Year-to-date helpers
mcrutils provides a handful functions that can be helpful in creating year-to-date analyses
Below we have 2.5 years of historical sales data ending on June 1, 2025.
set.seed(123)
sales <- tibble(
date = seq(
from = as.Date("2023-01-01"),
to = as.Date("2025-06-01"),
by = "month"
),
amount = rpois(30, lambda = 100)
)
head(sales)
#> # A tibble: 6 × 2
#> date amount
#> <date> <int>
#> 1 2023-01-01 94
#> 2 2023-02-01 111
#> 3 2023-03-01 83
#> 4 2023-04-01 101
#> 5 2023-05-01 117
#> 6 2023-06-01 104ytd_bounds() gets the start and end of the year-to-date period for the latest year in a vector of dates,
(bounds <- ytd_bounds(sales$date))
#> [1] "2025-01-01" "2025-06-01"and is_ytd_comparable() is a logical vector that indicates whether the dates in a vector are within a year-to-date period relative to a given end_date.
So we can quickly filter the historical data to see how we’re doing in 2025 compared to the same period (i.e. January - June) in 2023 and 2024:
one-line datatables
auto_dt() is a one-line function that creates a DT::datatable object from a data frame or tibble. It includes buttons to copy or download the data, filter tools, and no rownames. It applies percent, currency, and round formatting to numeric columns, guessing the correct format from the data type and column names. See vignette("mcrutils") for more examples, including how to specify the set of strings that flag a column as percentage or currency.
tribble(
~product, ~weight, ~revenue, ~growth_pct,
"Widget A", 13.53, 1023.21, 0.051,
"Widget B", 22.61, 150.24, 0.103,
"Widget C", 40.54, 502.26, 0.021,
"Widget D", 34.21, 2000.95, 0.154
) |>
mutate(product = as.factor(product)) |>
auto_dt(numeric_digits = 1, pct_digits = 0)

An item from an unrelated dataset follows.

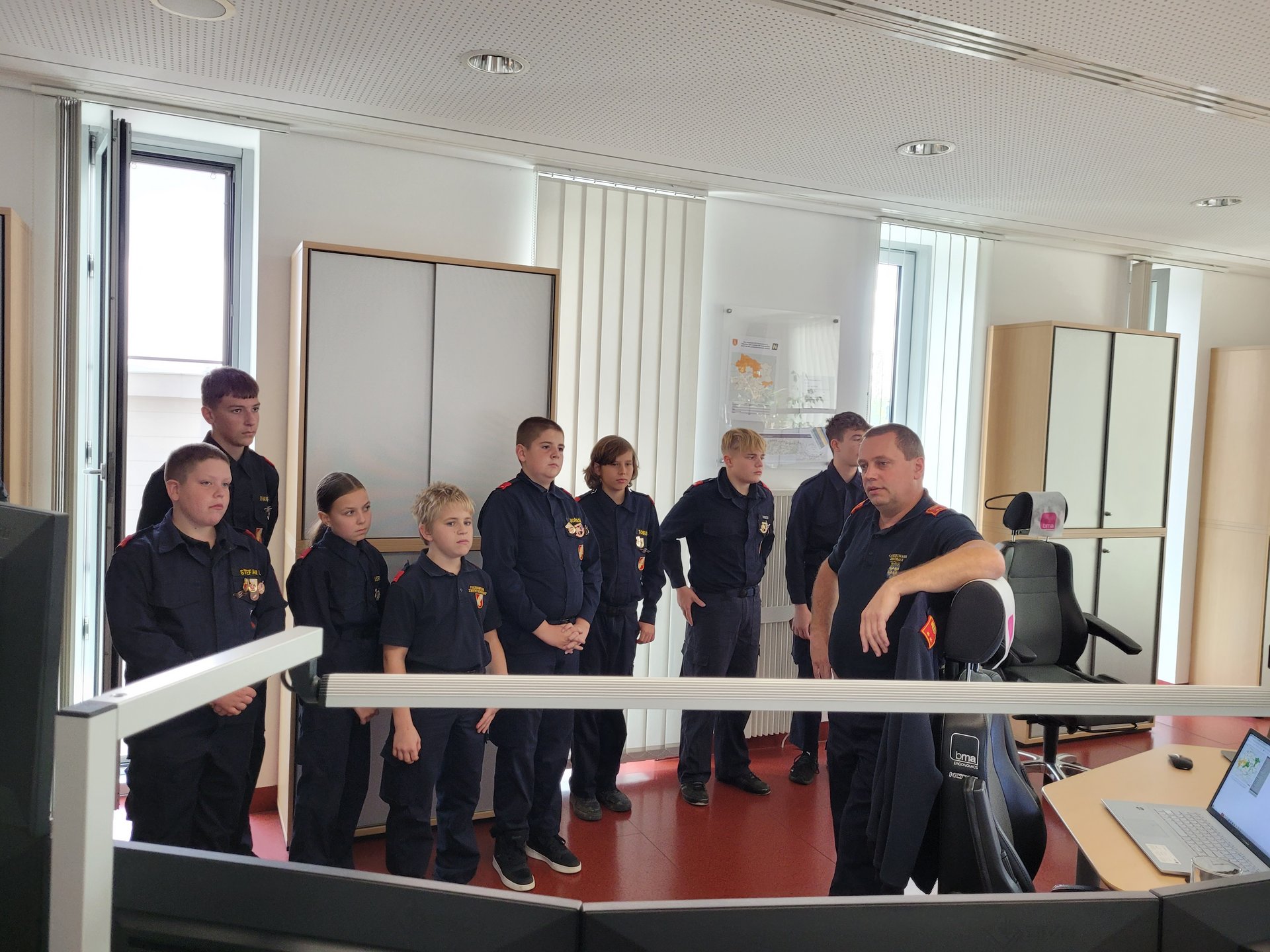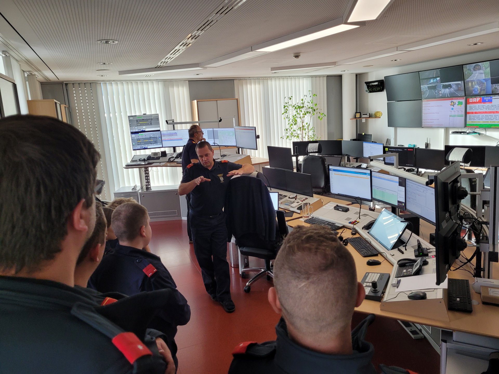 Während des Besuchs ist auch ein echter Notruf eingegangen. Anhand dessen konnte der Ablauf vom Eingang des Notrufs, über die Alarmierung der Feuerwehr, bis hin zu deren Ausrückung verfolgt werden.

Quarterly breaks and labels
scales::label_date_short() is a great function for labeling dates in ggplot2, but unfortunately it can’t support quarterly breaks and labels out of the box.
label_quarters_short() generates similar labels for quarterly date breaks, labeling every quarter, but only including the year when it changes from the previous label. breaks_quarters() generates quarterly breaks for date scales.
library(ggplot2)
economics |>
filter(date >= "2005-05-01", date <= "2007-03-01") |>
ggplot(aes(date, pce)) +
geom_line() +
scale_x_date(
breaks = breaks_quarters(),
labels = label_quarters_short()
)
By default, breaks_quarters() tries to return a reasonable number of breaks over a wide range of dates, down-sampling to semesters and years as needed. See vignette("mcrutils") for more examples.